The license information for this assembly can be found at: DNN3\controls\MemberRole\Member Roles (Conf) (1101204) FINAL.doc.  Looks like this is some kind of Beta release of the API.

The SQL database installation script is found at: DNN3\Providers\DataProviders\SqlDataProvider\InstallRolesProfileMembership.sql  You will need to do a global replace of {databaseOwner} in the file with dbo. or other appropriate ownership for your scenario.

To use the API's in your own application you will need to do a few simple things.

1. Reference MemberRole.dll
2. Create the SQL database (or write your own custom providers)
3. Put the appropriate settings in web.config.  (sample web.config)

To create your own providers start a new class project, reference memberrole.dll, inherit the appropriate provider base class and override the abstract methods and properties (Microsoft.SecureHosting.ProfileProvider, Microsoft.SecureHosting.MembershipProvider, or Microsoft.SecureHosting.RoleProvider).  Then reference your new provider in the configuration.

You can of course leave out any configuration and providers details that you are not interested in using.  The RoleManagerModule must be added to the httpModules collection if you want to have the roles for a user added to the authentication cookie as is common practice in 1.x applications.

If you are interested in more details about the Provider Design Pattern I plan to post addtional information and providers at www.aspnetproviders.com.

Now that I have the MembershipUser and Roles I am planning to port PermissionManager to .NET 1.x as well.  Together with Membership the PermissionManager completes authentication and authorization package allowing us to abstract all aspects of security management out of applications.

How will you make use of Membership, Roles, and Profile for your current applications?

My friend Fredrik Normen is at it again.  Permission Manager continues to improve.  Perhaps we should take it even further?

The latest enhancements give us the ability to specify permissions in the config file as well as other provider defined locations. 
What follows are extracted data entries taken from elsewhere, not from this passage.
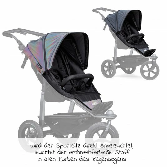 Unter normalem Lichteinfluss wirkt der Stoff anthrazitfarben. Wird der Sportsitz direkt angeleuchtet, beispielsweise von Autoscheinwerfern, leuchtet er in allen Farben des Regenbogens. Das sieht nicht nur toll aus, sondern bietet bei schlechten Lichtverhältnissen mehr Sicherheit
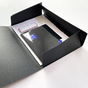 De mappen hebben een zelfklevend etiket en zijn superhandig in gebruik. Je kunt er tot 200 pagina’s in kwijt en door het stevige materiaal zijn ze slijt en scheurvast. De map heeft twee elastieken om hem dicht te houden, de rug van de map past zich aan aan de hoeveelheid papier die erin zit.
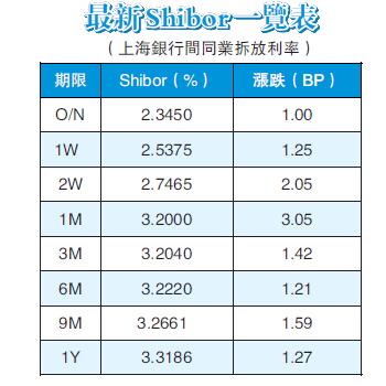 隔夜Shibor漲1個基點報2.3450%;7天期漲1.25個基點報2.5375%。14天期上漲2.05個基點到2.7465%。
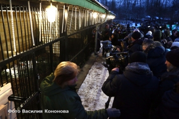 Далее Глава Республики Саха (Якутия) Егор Борисов и губернатор Санкт-Петербурга Георгий Полтавченко одновременно открыли шиберные перегородки и выпустили Хаарчаану из берлоги на всеобщее обозрение.

 What does everyone think about putting this kind of configuration in an PermissionManager.config file or something like that as an option?  I imagine the web.config might like this: 

<permissionManager enabled="true" path="PermissionManager.config" />

As you can see all the remaining details might be found in an external config.  It seems with all the provider stuff the web.config is growing to be a very large file.  Of course we would want to still be able to use the Configuration API's as much as possible.

Thoughts on configuration and web.config usage?

For Permission Manager what about defining permissions in a custom attribute class and then having a reflection provider that harvests them from the assemblies during initialization.  My thinking is that we have a synchronization issue between the permissions defined in application and those defined in the provider store.  By using attributes and reflection the definitions in the code would always be in sync.  It would not be necessary to define the permissions in any external location.

Today we might define a Permission to secure a method like this:

public void foo () {
// Check Permission
if (!(PermissionManager.HasPermission(“Group“, "Permission", user))) {return false};
// Permission granted
// do stuff
} 

For this to work we also must make sure that the “Group“ and “Permission“ exist in the permission definition store.  This requires us to create the definition prior to executing a .HasPermission().

With attributes we could perhaps do this instead:

 // Check Permission automatically for current user? and define permission declaratively
[Permission(Group="Name", Permission="Name", Description="Description")]
public void foo () {
// do stuff
} 

Now with reflection we can harvest the necessary permission definitions right out of the assembly.  Any assembly that has a dependency on Permission Manager self describes the permissions it uses and checks attributes.  I still need to understand the details and possibilities around this, but it seems there must be a way to use attributes to define the permission and secure fields, methods, and classes.  The Conditional(”DEBUG”) attribute seems similar in concept.  Permission Manager defines a condition based on runtime security instead of compile time.  Those who have worked with attributes more please comment as to the feasibility here for both definition of permissions and runtime authorization checks.

A few months back I was talking with some other developers on the v.Next project about how we could abstract security out of our code.  The desire was to have methods and code blocks that could be wrapped with security checks, but without hard coding user or role names.  The current IBuySpy and Rainbow Portal for example have code in them like this if (User.IsInRole("Editor")) {do stuff}.  That works fine for a simple application, but what happens when you want to allow Admins and Editors?  In today's model you end up modifying the code and re-compiling and deploying.  I have seen a lot of code that strings together a bunch of OR statements when additional Roles need to be supported for a given security check.  It can get very ugly.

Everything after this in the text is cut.